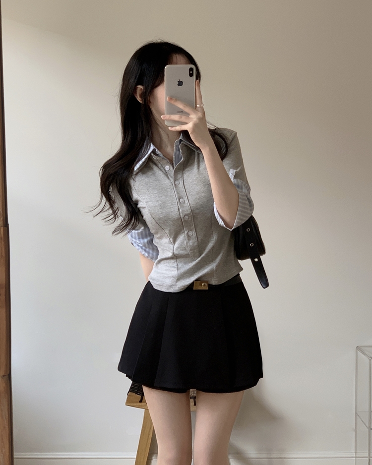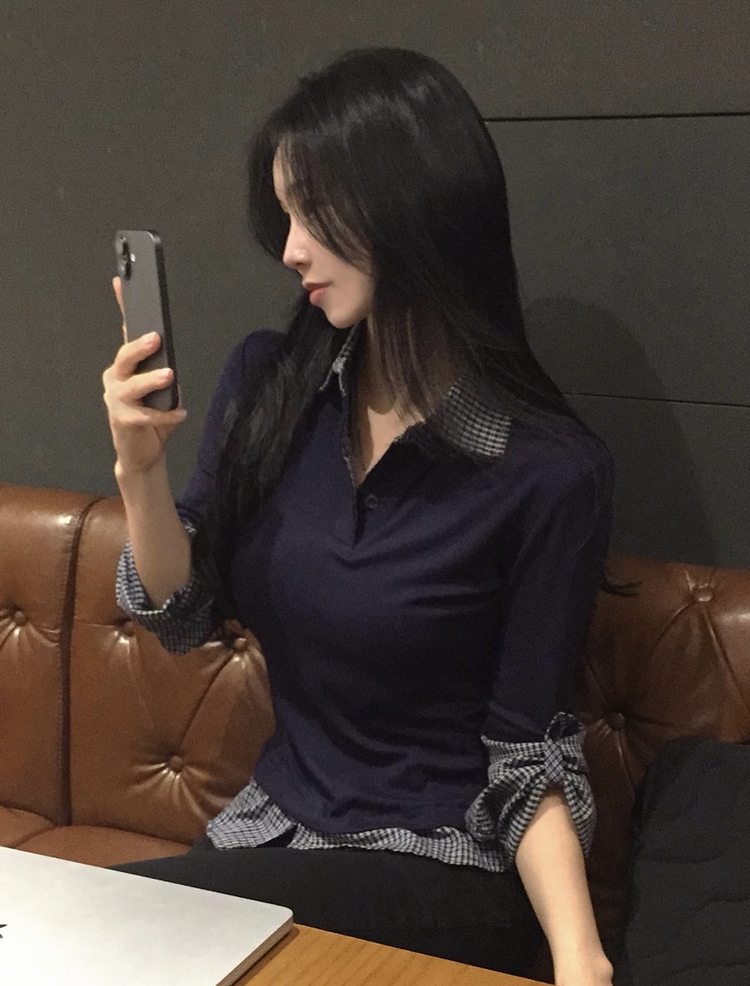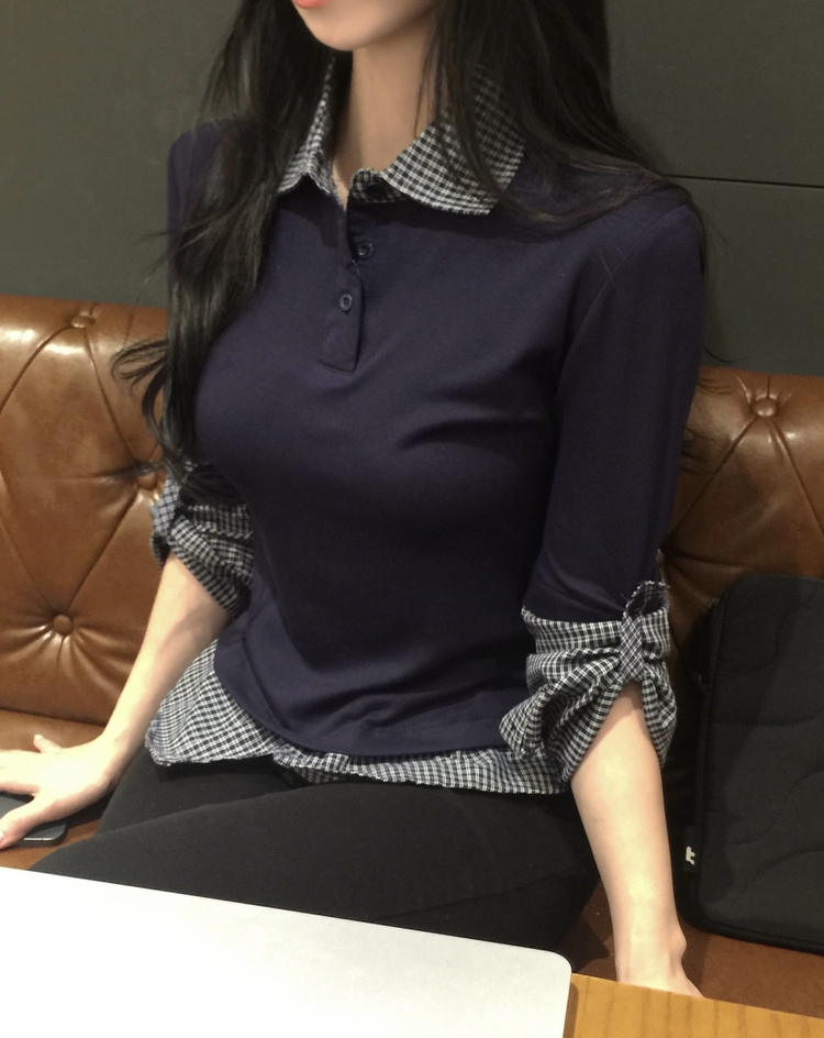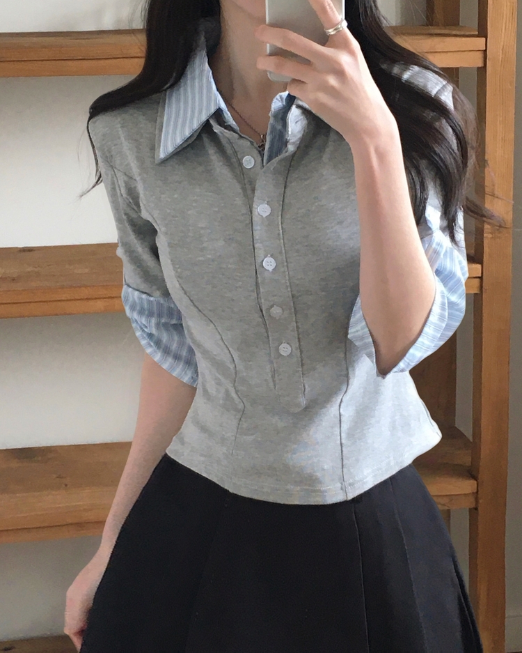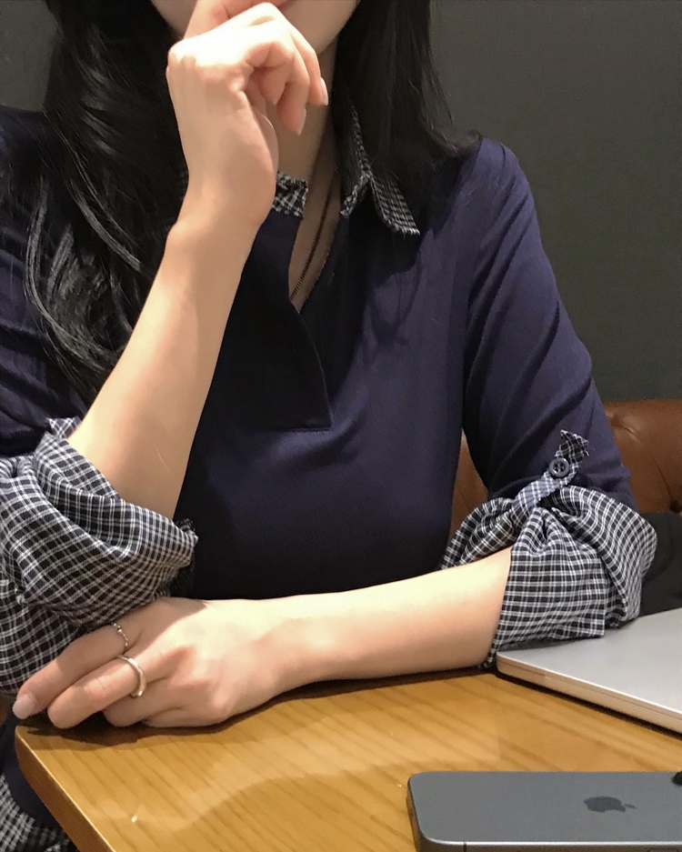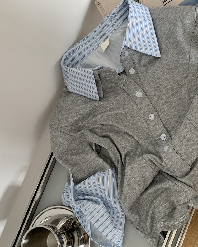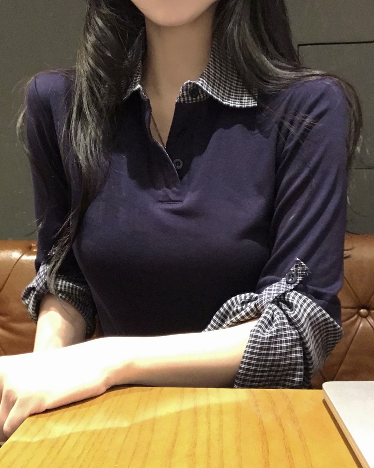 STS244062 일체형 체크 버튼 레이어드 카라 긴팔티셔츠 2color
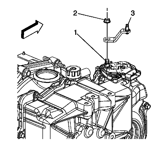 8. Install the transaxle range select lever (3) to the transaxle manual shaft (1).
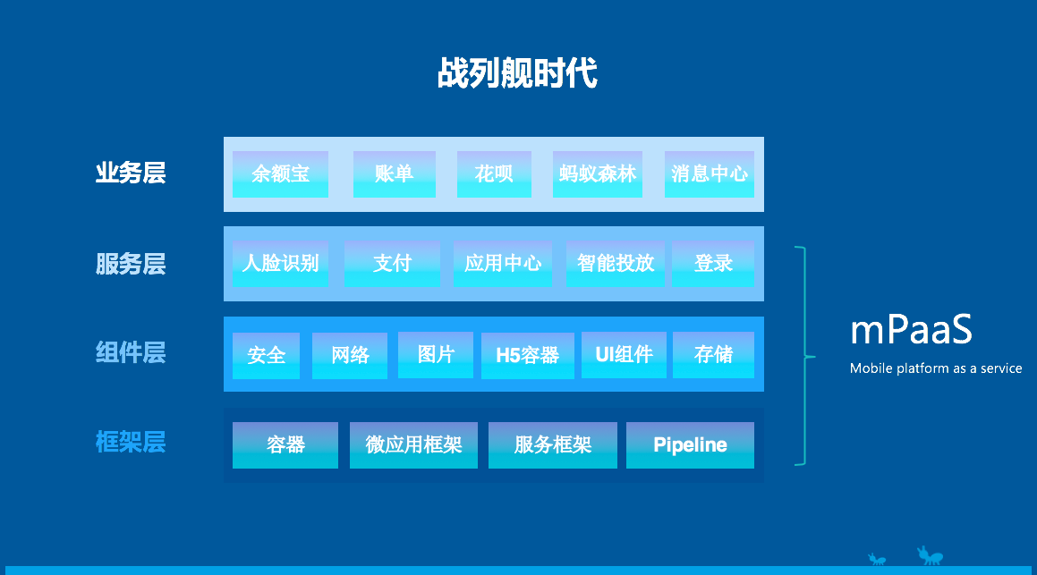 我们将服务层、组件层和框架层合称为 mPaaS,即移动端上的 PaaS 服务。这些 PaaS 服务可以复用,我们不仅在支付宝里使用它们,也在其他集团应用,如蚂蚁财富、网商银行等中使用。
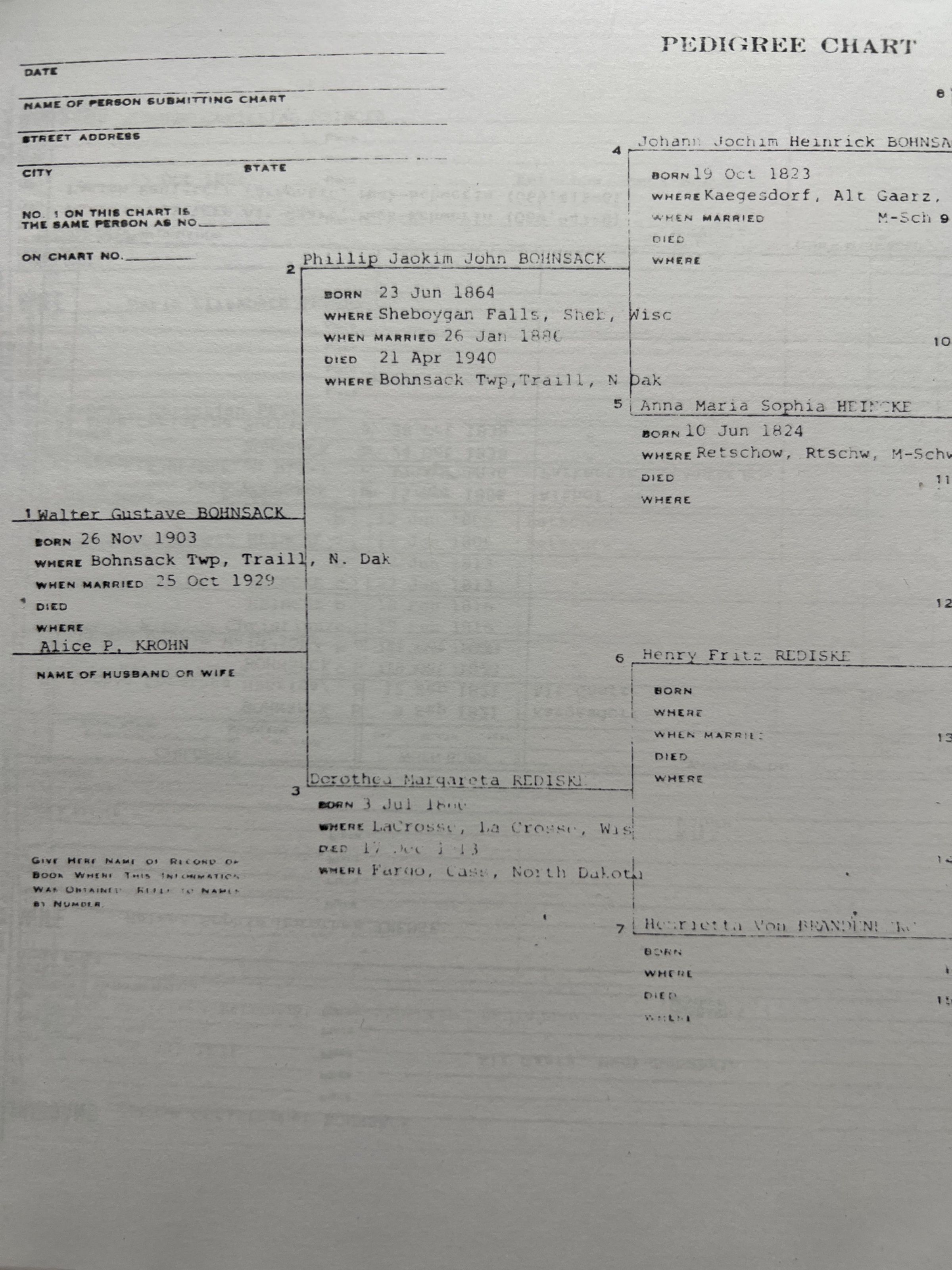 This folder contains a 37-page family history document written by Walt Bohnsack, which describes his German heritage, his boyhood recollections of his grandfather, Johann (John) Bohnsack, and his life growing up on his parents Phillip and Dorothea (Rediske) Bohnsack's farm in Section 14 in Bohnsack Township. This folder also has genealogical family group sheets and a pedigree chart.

— Task objective —
Make an exact printout of the listing above, omitting the images.

— Your response —
 STS244062 일체형 체크 버튼 레이어드 카라 긴팔티셔츠 2color
 8. Install the transaxle range select lever (3) to the transaxle manual shaft (1).
 我们将服务层、组件层和框架层合称为 mPaaS,即移动端上的 PaaS 服务。这些 PaaS 服务可以复用,我们不仅在支付宝里使用它们,也在其他集团应用,如蚂蚁财富、网商银行等中使用。
 This folder contains a 37-page family history document written by Walt Bohnsack, which describes his German heritage, his boyhood recollections of his grandfather, Johann (John) Bohnsack, and his life growing up on his parents Phillip and Dorothea (Rediske) Bohnsack's farm in Section 14 in Bohnsack Township. This folder also has genealogical family group sheets and a pedigree chart.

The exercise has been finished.